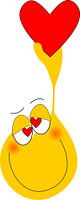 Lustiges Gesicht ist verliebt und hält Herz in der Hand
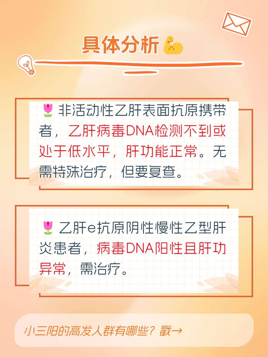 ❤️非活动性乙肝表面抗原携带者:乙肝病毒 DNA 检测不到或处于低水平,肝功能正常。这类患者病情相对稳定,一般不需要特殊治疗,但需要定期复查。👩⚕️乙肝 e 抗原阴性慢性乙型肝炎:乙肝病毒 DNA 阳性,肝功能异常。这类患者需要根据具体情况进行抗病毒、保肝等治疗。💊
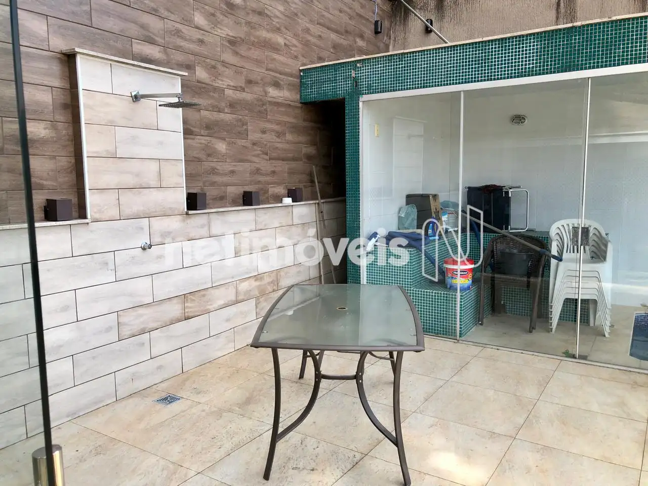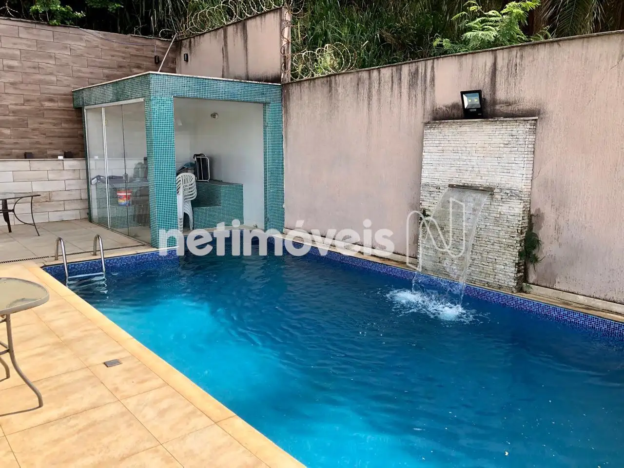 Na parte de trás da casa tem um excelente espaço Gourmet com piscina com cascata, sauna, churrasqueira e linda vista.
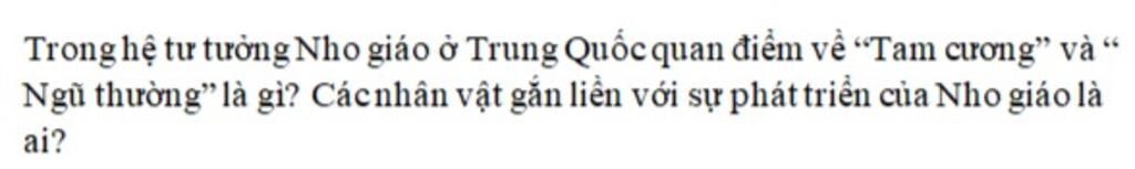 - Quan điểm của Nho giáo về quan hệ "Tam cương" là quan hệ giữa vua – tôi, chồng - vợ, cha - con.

◆ **Prompt**:
Before handing back the copy, remove the pictures; otherwise print the data exactly.

◆ **Answer to this problem**:
 Lustiges Gesicht ist verliebt und hält Herz in der Hand
 ❤️非活动性乙肝表面抗原携带者:乙肝病毒 DNA 检测不到或处于低水平,肝功能正常。这类患者病情相对稳定,一般不需要特殊治疗,但需要定期复查。👩⚕️乙肝 e 抗原阴性慢性乙型肝炎:乙肝病毒 DNA 阳性,肝功能异常。这类患者需要根据具体情况进行抗病毒、保肝等治疗。💊
 Na parte de trás da casa tem um excelente espaço Gourmet com piscina com cascata, sauna, churrasqueira e linda vista.
 - Quan điểm của Nho giáo về quan hệ "Tam cương" là quan hệ giữa vua – tôi, chồng - vợ, cha - con.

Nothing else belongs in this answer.